At the end of the 1950s, Solal ventured into a new realm, writing and recording music for film, most famously for Jean-Luc Godard's 1959 movie A Bout de Souffle (known in English as Breathless), which stands as the ultimate statement of French New Wave cinema. Solal's music was a good match for Godard's style, as DownBeat writer Ted Panken has observed, noting that Godard's "use of the jump-cut is a visual analogy to Solal's penchant for making instant transitions in a piece."

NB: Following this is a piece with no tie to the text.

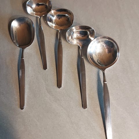 sælger : 4 middags gafler, 4 middags skeer, 4 knive, 3 pålægs gafler, 3 sukker/marmelade skeer, 1 saltske og 6 kaffeskeer i Savoy sølvplet frigast danmark. i god stand . befinder sig i Aarhus kan afhentes, eller sendes med post Nord til pakkeshop , prisen er inkl fragt 2 kg. mobil pay betaling . bruger ikke Fix og færdig . afhentes er prisen 460kr fast.

Solal also wrote in mid-sized and large-ensemble settings for his own recordings in the late 1950s, a natural development of his orchestral-like conception for the piano. Here are two Solal compositions from 1958, with Pierre Michelot and Kenny Clarke again in the rhythm section:

Although Solal recorded most frequently in a trio, with forays into big band and mid-sized groups, his solo recordings are perhaps the best way to experience his considerable musical vocabulary and prowess. From his 1963 Capitol LP Viva La France! Viva Le Jazz! Viva Solal!, here's his solo rendition of Thelonious Monk's "Round Midnight":

That same year Solal made his American debut at the Newport Jazz Festival, brought there by festival promoter George Wein at the urging of Duke Ellington and Oscar Peterson, who had heard Solal in Europe. Solal was championed by American jazz critic Martin Williams, who called him "one of the best jazz pianists in the world" in a 1963 article introducing him to American audiences:

He is as natural a musician as was Sidney Bechet… not only can Solal swing, he swings with a vitality that is personal, and a sureness which allows him rhythmic variety and variation of a sort that many American jazzmen of his generation have not attempted. He has fine pianistic technique, but it reveals itself so soundly and so musically that one may be almost unaware of his proficiencies. He puts nearly every idea to a direct musical use, and time and again one notices Solal quietly employing effects which might easily be turned into blatant grandstanding by a less discreet and dedicated player. Above all, Solal answers the basic criterion: he invents interesting, fresh, and personal music.